▶ _What the task asks_: Given the listing below, write out exactly the lines starting with the line that has "位于賀蘭山以西,昆侖山-巴顏" and going on through the line that has "青森県教育委員会は平成30年", both kept.
----- Task material -----
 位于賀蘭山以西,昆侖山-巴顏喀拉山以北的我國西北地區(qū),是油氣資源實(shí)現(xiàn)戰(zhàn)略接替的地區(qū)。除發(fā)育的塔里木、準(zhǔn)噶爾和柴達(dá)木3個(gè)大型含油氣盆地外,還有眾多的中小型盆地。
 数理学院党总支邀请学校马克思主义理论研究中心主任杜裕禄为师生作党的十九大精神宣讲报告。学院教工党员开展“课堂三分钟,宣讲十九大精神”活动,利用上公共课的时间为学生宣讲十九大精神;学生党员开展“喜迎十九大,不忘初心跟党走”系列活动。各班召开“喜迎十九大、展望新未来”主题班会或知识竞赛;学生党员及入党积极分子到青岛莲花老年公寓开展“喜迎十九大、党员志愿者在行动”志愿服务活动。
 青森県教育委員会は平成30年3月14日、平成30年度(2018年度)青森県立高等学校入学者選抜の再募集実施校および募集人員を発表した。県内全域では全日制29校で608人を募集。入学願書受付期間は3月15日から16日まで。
-----
----- Task material -----
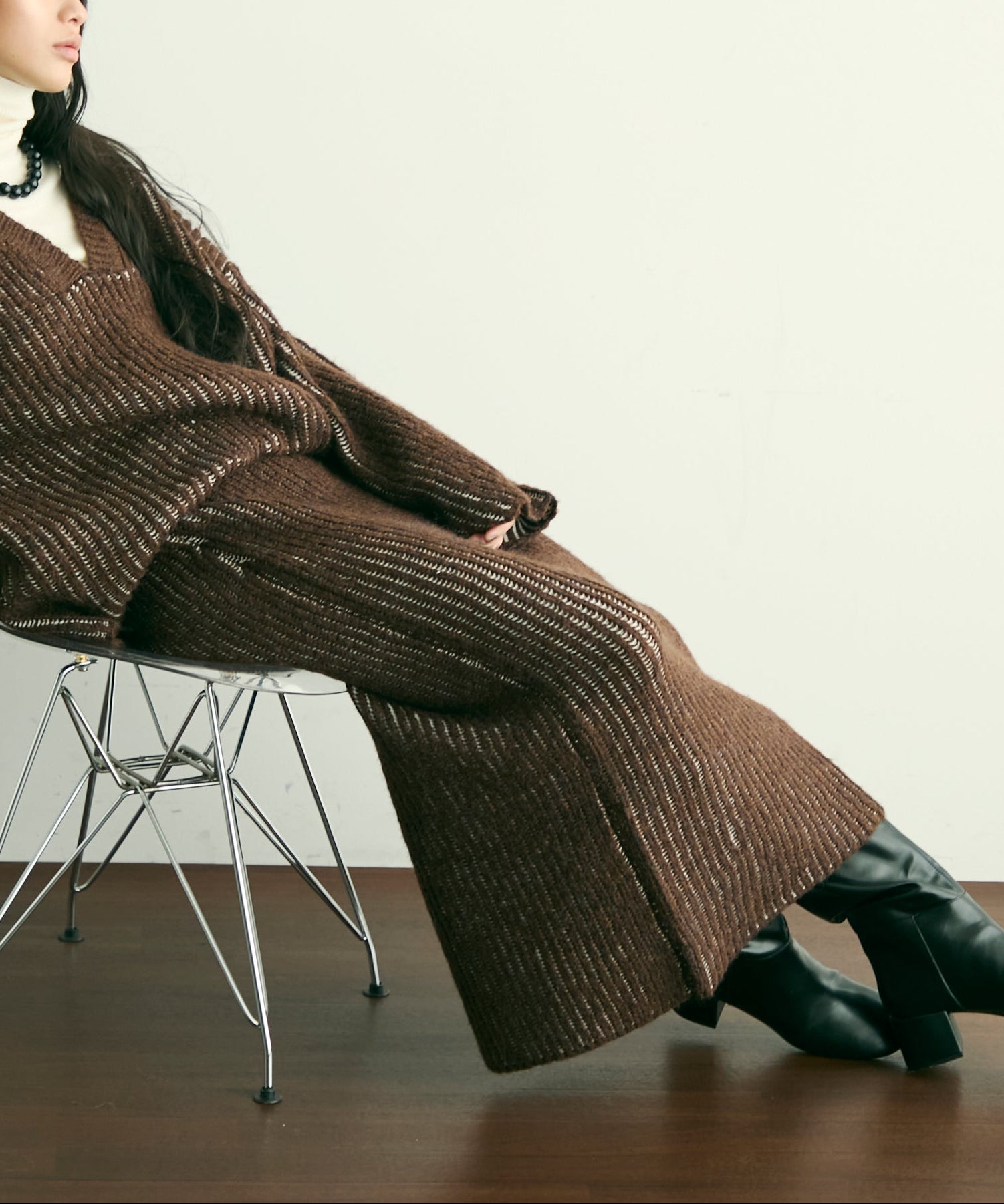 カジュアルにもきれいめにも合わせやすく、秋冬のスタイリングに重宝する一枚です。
-----
▶ _Reply to the exercise_:
 位于賀蘭山以西,昆侖山-巴顏喀拉山以北的我國西北地區(qū),是油氣資源實(shí)現(xiàn)戰(zhàn)略接替的地區(qū)。除發(fā)育的塔里木、準(zhǔn)噶爾和柴達(dá)木3個(gè)大型含油氣盆地外,還有眾多的中小型盆地。
 数理学院党总支邀请学校马克思主义理论研究中心主任杜裕禄为师生作党的十九大精神宣讲报告。学院教工党员开展“课堂三分钟,宣讲十九大精神”活动,利用上公共课的时间为学生宣讲十九大精神;学生党员开展“喜迎十九大,不忘初心跟党走”系列活动。各班召开“喜迎十九大、展望新未来”主题班会或知识竞赛;学生党员及入党积极分子到青岛莲花老年公寓开展“喜迎十九大、党员志愿者在行动”志愿服务活动。
 青森県教育委員会は平成30年3月14日、平成30年度(2018年度)青森県立高等学校入学者選抜の再募集実施校および募集人員を発表した。県内全域では全日制29校で608人を募集。入学願書受付期間は3月15日から16日まで。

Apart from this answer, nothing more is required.